Thanks Mr T! I am wanting to try cold smoking next fall, it is already too warm to try it now!


----------



## hillbilly jim (Mar 4, 2017)

I own a cooking group on Facebook and sell my smoked cheese from there. I must be doing something right because there are several members just shy of camping on my door step waiting for the next batch.

As I write this, I have three pounds of unsalted sweet cream butter in the smoker.


----------



## mr t 59874 (Mar 4, 2017)

PitBulMom said:


> Thanks Mr T! I am wanting to try cold smoking next fall, it is already too warm to try it now!


If you nights are cool, we can get you going.


Hillbilly Jim said:


> I own a cooking group on Facebook and sell my smoked cheese from there. I must be doing something right because there are several members just shy of camping on my door step waiting for the next batch.
> 
> As I write this, I have three pounds of unsalted sweet cream butter in the smoker.


If your customers are happy, keep doing what you are doing.

I used to smoke butter blocks until I tried the following.
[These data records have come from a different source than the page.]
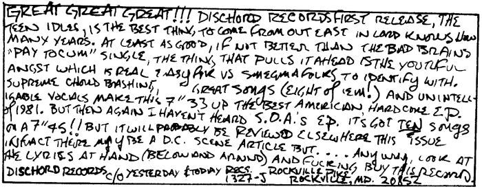 Teen Idles / Sneakers / Get Up and Go / Deadhead // Fleeting Fury / Fiorucci Nightmare / Getting in my Way / Too Young to Rock (Minor Disturbance) 1000 copies on black vinyl w/insert and shiny sleeve 1000 copies on black vinyl w/insert, matte sleeve, second pressing note on back Dischord 1, 1981 Lineup: Nathan Strejcek - vocals / Geordie Grindle - guitar / Ian MacKaye - bass / Jeff Nelson - drums Notes: Both pressings' sleeves are pictured (the brown stuff on the back of the second press is the rubber cement they glued the sleeves with). Labels are identical. 100 copies were destroyed by Geordie or Nathan (it says in Dance of Days...), probably from the first press. Insert only with some copies (I've now seen inserts with both pressings)? Minor Disturbance recorded live at the Idles last show and it sounds like crap. Reviews: I should probably have more to say about this record, but I don't. Prototypical DC thrash, and while it's got an edge to it that the Limp Records axis was lacking, it doesn't have much else. Song writing is rudimentary, vocalist isn't terribly engaging, and the band is often lost behind the guitarist. The real standout tracks are Sneakers, which sounds like a lost Minor Threat song, Get Up And Go, which is easily one of the ten best songs to come out of DC, and Too Young To Rock, which is absolutely unlistenable due to the poor live sound. Are there any good sounding versions out there? I've scanned in two contemporary reviews, from Smegma Journal 9 (below), and Touch and Go 13 (right). | ||||||||||
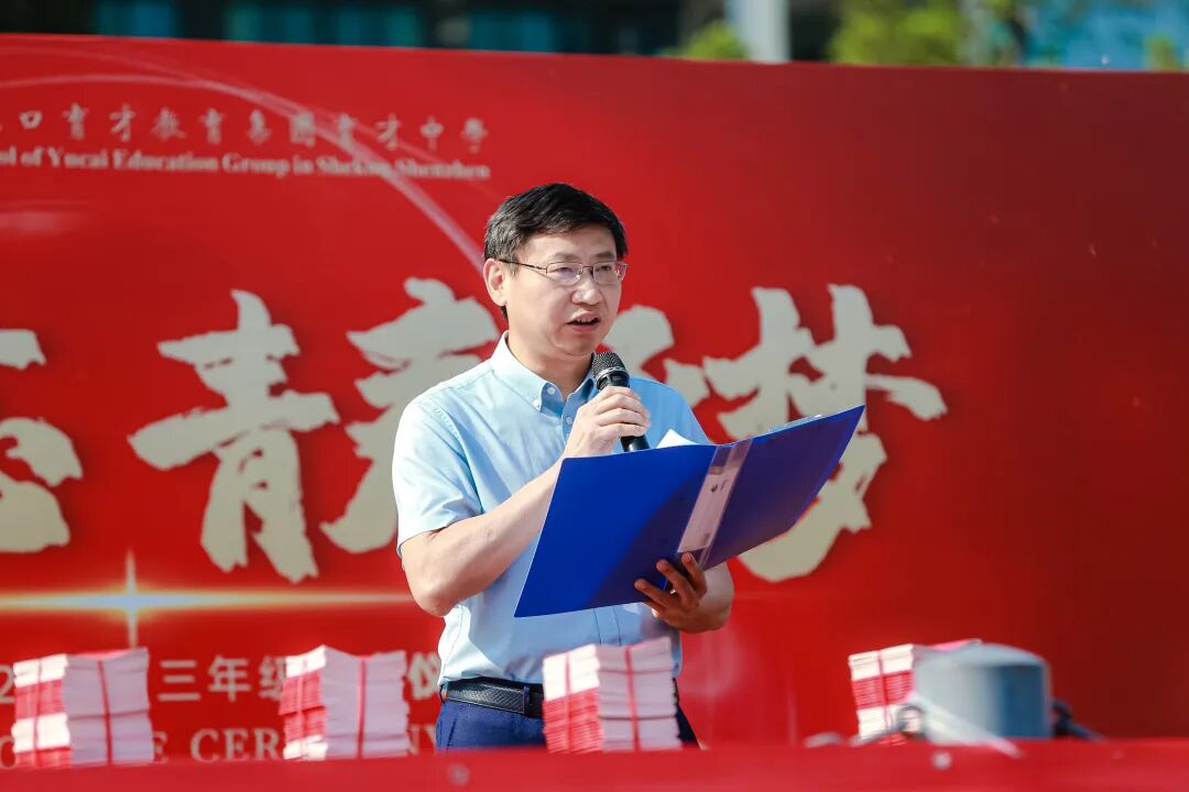 在仪式上,育才中学姚晓岚校长向高三学子致以真切的勉励和期盼,勉励全体高三学子以奋斗与担当的姿态承担责任与使命。
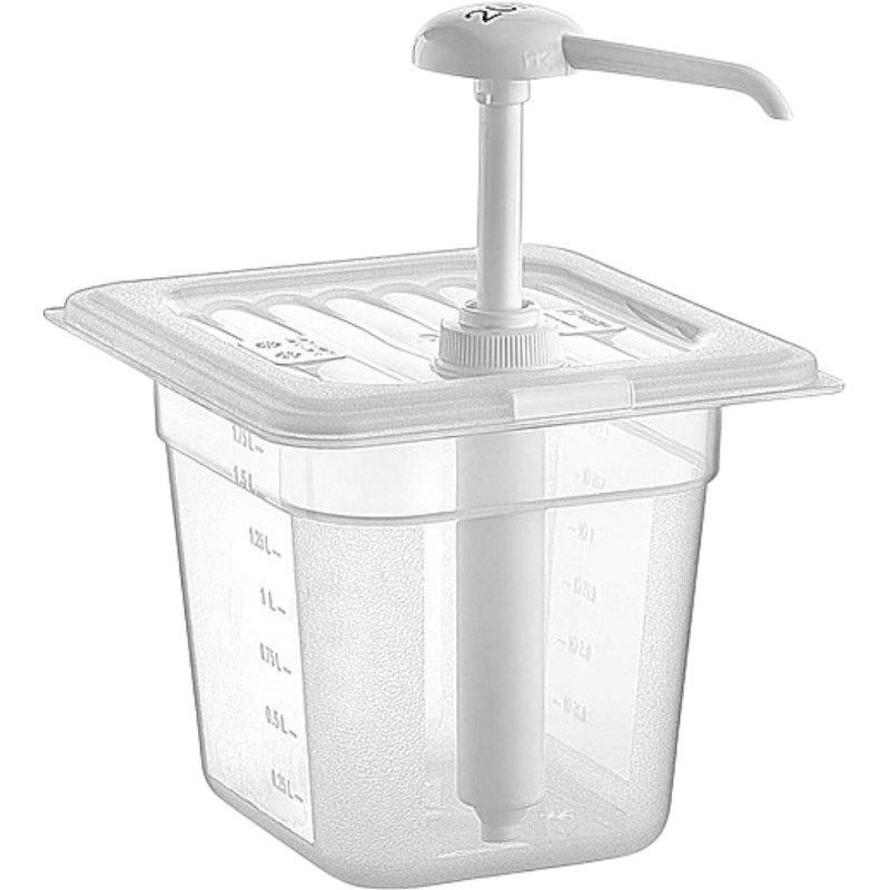 Помпа изготовлена из полипропилена и подает 20 мл соуса одним нажатием.
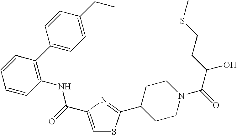 - ICZCSXGNTIVTLP-UHFFFAOYSA-N CC(NC(=O)C1=CSC(C2CCN(C(=O)C3=CC=CC=C3C3=CC=C(C(F)(F)F)C=C3)CC2)=N1)C(O)C1=CC=CC=C1 Chemical compound CC(NC(=O)C1=CSC(C2CCN(C(=O)C3=CC=CC=C3C3=CC=C(C(F)(F)F)C=C3)CC2)=N1)C(O)C1=CC=CC=C1 ICZCSXGNTIVTLP-UHFFFAOYSA-N 0.000 description 2
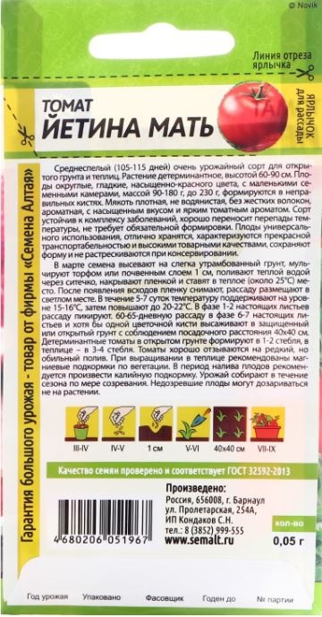 Среднеспелый (105-115 дней) очень урожайный сорт для открытого грунта и теплиц. Растение детерминантное, высотой 60-90 см. Плоды округлые, гладкие, насыщенно-красного цвета, с маленькими семенными камерами, массой 90-180 г, до 230 г, формируются в неправильных кистях. Мякоть плотная, не водянистая, без жестких волокон, ароматная, с насыщенным вкусом и ярким томатным ароматом. Сорт устойчив к комплексу заболеваний, хорошо переносит перепады температуры, не требует обязательной формировки. Плоды универсального использования, отлично хранятся, характеризуются прекрасной транспортабельностью и высокими товарными качествами, сохраняют форму и не растрескиваются при консервировании. В марте семена высевают на слегка утрамбованный грунт, мульчируют торфом или почвенным слоем 1 см, поливают теплой водой через ситечко, накрывают пленкой и ставят в теплое (около 25°С) место. После появления всходов пленку снимают, рассаду размещают в светлом месте. В течение 5-7 суток температуру поддерживают на уровне 15-16°С, затем повышают до 20-22°С. В фазе 1-2 настоящих листьев рассаду пикируют. 60-65-дневную рассаду в фазе 6-7 настоящих листьев и хотя бы одной цветочной кисти высаживают в защищенный или открытый грунт с соблюдением посадочного расстояния 40х40 см. Детерминантные томаты в открытом грунте формируют в 1-2 стебля, в теплице – в 3-4 стебля. Томаты хорошо отзываются на редкий, но обильный полив. При выращивании в теплице рекомендованы магниевые подкормки по вегетации. В период налива плодов рекомендуется произвести калийную подкормку. Урожай собирают в течение сезона по мере созревания. Недозревшие плоды могут дозариваться не на растении.
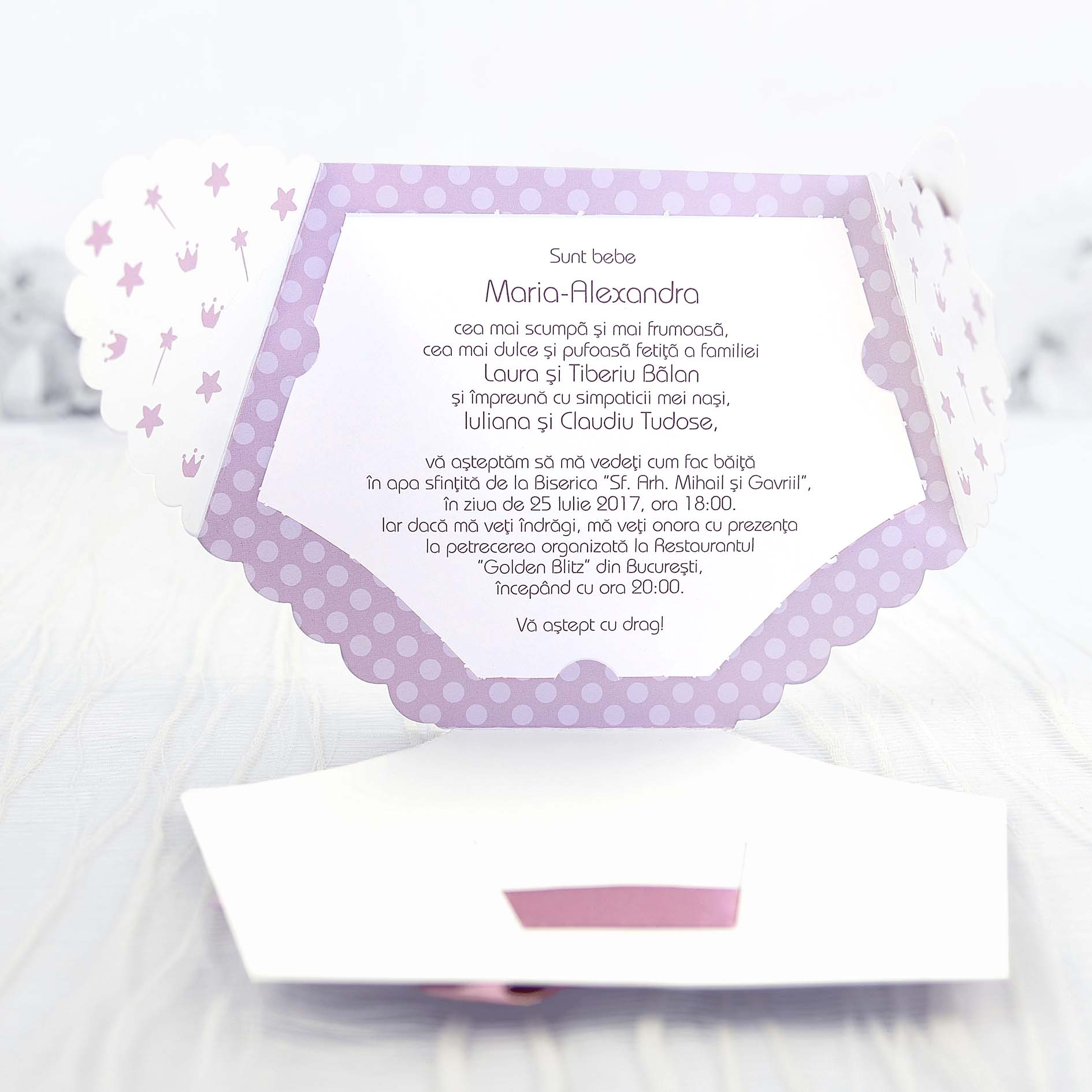 Invitatia are fundita din satin roz si se deschide, avand textul in interior
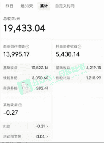 中视频计划一直都是一个赚钱又稳定的地方,只要你能吸引大量观众,就能获得丰厚的收益;我的这套玩法恰好同时适合今日头条和视频号,只需要制作一条原创,一键同步发布在多个平台上,同时赚取多份收益,且可以实现小号授权多账号矩阵,每天1000+的收益是保守说法,看看我的收益就知道了。
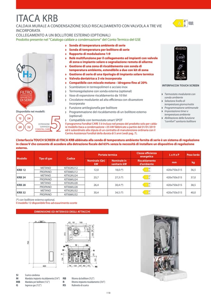 ie modello Itaca a condensazione <35 kW fabbricate a partire dal 01/01/2019

Heavy cream to perfectly smoked butter in 15 minutes. http://www.smokingmeatforums.com/t/142289/smoked-butter-from-scratch-q-view

T


----------



## slotown (Mar 4, 2017)

Mr T,

I live in Florida so cold smoking cheese is a challenge.  We might get 5-7 days of cold weather to play with.  I also work so those days need to land on a Saturday to boot.  Today was one of those days, but I got a late start that I won't even try to explain.  Needless to say by the time I did start the ambient temp had crept from 49 degrees to 65.  I had no margin of error to keep below 70.  I use an AMNPS with a mailbox mod.  In the past, it has worked very well.  Today was different though.  To ensure the temp did not shot past 70 I filled the MES water pan with ice. After lighting the AMNPS, and watching for 15 minutes I noticed that the smoke was not moving through the MES.  It filled up with smoke but no draw.  I noticed the mailbox was puffing out smoke through every crack.  I had never seen this before and was concerned that my AMNPS would go out due to a lack of oxygen.  I was also concerned about an unhealthy amount of smoke on the cheese.













IMG_20170304_131332210_HDR.jpg



__ slotown
__ Mar 4, 2017






After pondering the problem I think the issue is that the temp inside is equalling the ambient temp outside.  Because of this, there is no "draw" to keep the smoke moving smoothly through the MES.  To beat the problem I set a small fan facing away from the vent.  This is pulling the smoke through the MES quite nicely.  In fact too nice.  Even on the lowest setting I have a pretty good draw.  Still appears to be a lot of smoke inside, and the temp inside is sitting nicely at 67 degrees.  













IMG_20170304_131348597.jpg



__ slotown
__ Mar 4, 2017






If the temp goes over 70, my cold smoke is over.  Right now I have about three hours in.

I would like to hear your comments and suggestions.  Thanks for all your good posts!


----------



## mr t 59874 (Mar 4, 2017)

Slotown,

Wish you had responded last year when the offer was made, to pay for the modifications to one of you Florida smokers if you would do a few test for me, but that is water under the bridge now.

You definitely have your challenges, but it is clear that you have done your homework as far as temperatures go, keep up the good work by not pushing it.

 Keeping the product chamber at or very near ambient can be a challenge when cold smoking. Your thoughts on draw are correct. As you found out placing ice in with the cheese did not work well for you. The reason was the chamber was too cool to allow a natural draft, heat rises. If the chamber is cooler than the firebox, you will get a back draft, which you did. It would have worked better if the ice was placed in, on or along the piping to the product chamber. Of course, you can push or pull the air through the chamber, as you have done, if you wish also.

If you feel you are getting too much draft using the fan, try turning the exhaust vent a bit away from the fan until you achieve the desired amount.

There is a very good chance that you have enough smoke on your cheese now. If not you can add more later.

Thank you for the pictures. Good on you for using a white firebox. Every little thing helps.

Enjoy your cheese,

T


----------



## slotown (Mar 4, 2017)

T,

Thanks for the comments.  Glad you think I'm heading in the right direction.  Pulled the cheese at about 4 1/2 hours.  No sweat and dry to the touch.













cheese.jpg



__ slotown
__ Mar 4, 2017






Pepperjack from Sam's.  I'm the only one who appreciates it in my house, so I don't smoke too much at a time.  Hopefully this will last a few months.

Cheese turned a little yellow, but not much.


----------



## mr t 59874 (Mar 4, 2017)

Hopefully it taste as good as it looks. It is plain to see you kept the temps low.

Good job,

T


----------